- [Task to complete]:
When you write out the listing below, keep each word exactly as it stands and drop the pictures.

- [Recorded data]:
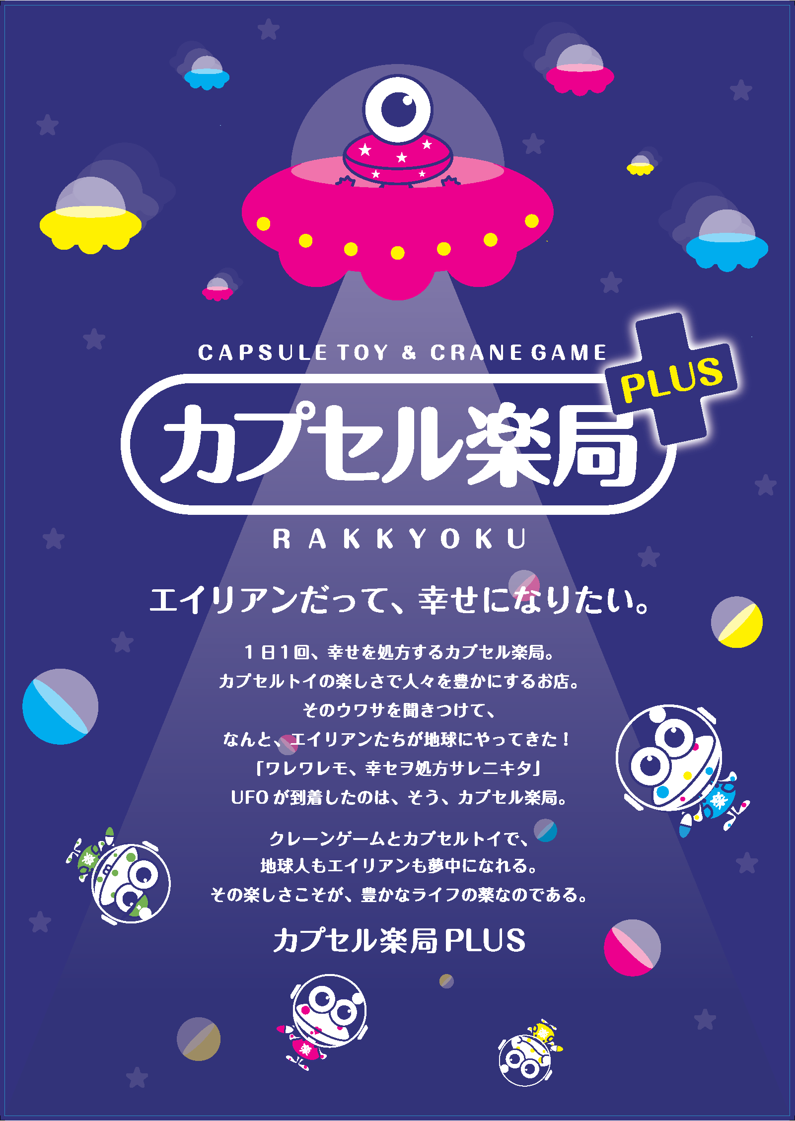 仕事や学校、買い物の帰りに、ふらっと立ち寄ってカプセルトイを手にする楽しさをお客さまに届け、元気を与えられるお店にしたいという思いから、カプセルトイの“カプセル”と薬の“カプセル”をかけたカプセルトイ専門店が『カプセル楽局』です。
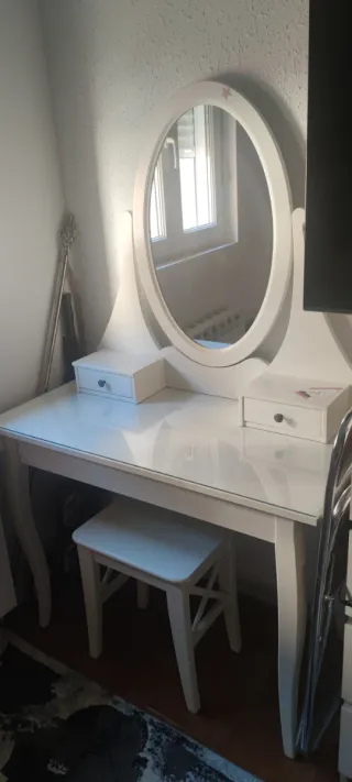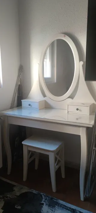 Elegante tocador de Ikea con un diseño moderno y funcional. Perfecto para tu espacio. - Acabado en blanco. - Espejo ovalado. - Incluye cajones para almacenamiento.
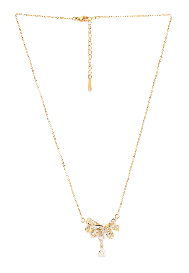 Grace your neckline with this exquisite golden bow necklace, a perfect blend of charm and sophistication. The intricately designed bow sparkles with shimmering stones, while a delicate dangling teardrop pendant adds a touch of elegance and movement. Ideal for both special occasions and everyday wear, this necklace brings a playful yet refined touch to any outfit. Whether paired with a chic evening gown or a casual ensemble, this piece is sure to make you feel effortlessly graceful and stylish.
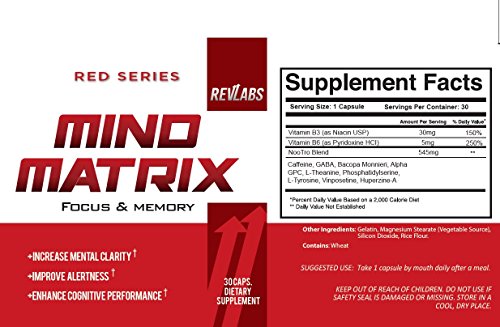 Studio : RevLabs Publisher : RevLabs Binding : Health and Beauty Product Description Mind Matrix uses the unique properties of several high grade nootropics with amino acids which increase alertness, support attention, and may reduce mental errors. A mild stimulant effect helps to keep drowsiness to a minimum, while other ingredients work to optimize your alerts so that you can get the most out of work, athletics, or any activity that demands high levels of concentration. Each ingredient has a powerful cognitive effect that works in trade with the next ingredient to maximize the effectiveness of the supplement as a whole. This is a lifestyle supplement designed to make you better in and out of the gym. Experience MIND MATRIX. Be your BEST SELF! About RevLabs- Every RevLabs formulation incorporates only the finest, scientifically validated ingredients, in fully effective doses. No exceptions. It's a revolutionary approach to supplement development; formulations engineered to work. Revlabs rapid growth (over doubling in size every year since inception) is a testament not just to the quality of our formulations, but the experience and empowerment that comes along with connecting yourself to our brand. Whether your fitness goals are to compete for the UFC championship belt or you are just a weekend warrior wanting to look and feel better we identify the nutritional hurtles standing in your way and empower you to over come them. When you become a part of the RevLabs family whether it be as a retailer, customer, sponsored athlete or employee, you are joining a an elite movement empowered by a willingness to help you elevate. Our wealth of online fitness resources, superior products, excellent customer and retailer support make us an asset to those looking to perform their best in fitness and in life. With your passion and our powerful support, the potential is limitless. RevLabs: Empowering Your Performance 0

- [Solution below]:
 仕事や学校、買い物の帰りに、ふらっと立ち寄ってカプセルトイを手にする楽しさをお客さまに届け、元気を与えられるお店にしたいという思いから、カプセルトイの“カプセル”と薬の“カプセル”をかけたカプセルトイ専門店が『カプセル楽局』です。
 Elegante tocador de Ikea con un diseño moderno y funcional. Perfecto para tu espacio. - Acabado en blanco. - Espejo ovalado. - Incluye cajones para almacenamiento.
 Grace your neckline with this exquisite golden bow necklace, a perfect blend of charm and sophistication. The intricately designed bow sparkles with shimmering stones, while a delicate dangling teardrop pendant adds a touch of elegance and movement. Ideal for both special occasions and everyday wear, this necklace brings a playful yet refined touch to any outfit. Whether paired with a chic evening gown or a casual ensemble, this piece is sure to make you feel effortlessly graceful and stylish.
 Studio : RevLabs Publisher : RevLabs Binding : Health and Beauty Product Description Mind Matrix uses the unique properties of several high grade nootropics with amino acids which increase alertness, support attention, and may reduce mental errors. A mild stimulant effect helps to keep drowsiness to a minimum, while other ingredients work to optimize your alerts so that you can get the most out of work, athletics, or any activity that demands high levels of concentration. Each ingredient has a powerful cognitive effect that works in trade with the next ingredient to maximize the effectiveness of the supplement as a whole. This is a lifestyle supplement designed to make you better in and out of the gym. Experience MIND MATRIX. Be your BEST SELF! About RevLabs- Every RevLabs formulation incorporates only the finest, scientifically validated ingredients, in fully effective doses. No exceptions. It's a revolutionary approach to supplement development; formulations engineered to work. Revlabs rapid growth (over doubling in size every year since inception) is a testament not just to the quality of our formulations, but the experience and empowerment that comes along with connecting yourself to our brand. Whether your fitness goals are to compete for the UFC championship belt or you are just a weekend warrior wanting to look and feel better we identify the nutritional hurtles standing in your way and empower you to over come them. When you become a part of the RevLabs family whether it be as a retailer, customer, sponsored athlete or employee, you are joining a an elite movement empowered by a willingness to help you elevate. Our wealth of online fitness resources, superior products, excellent customer and retailer support make us an asset to those looking to perform their best in fitness and in life. With your passion and our powerful support, the potential is limitless. RevLabs: Empowering Your Performance 0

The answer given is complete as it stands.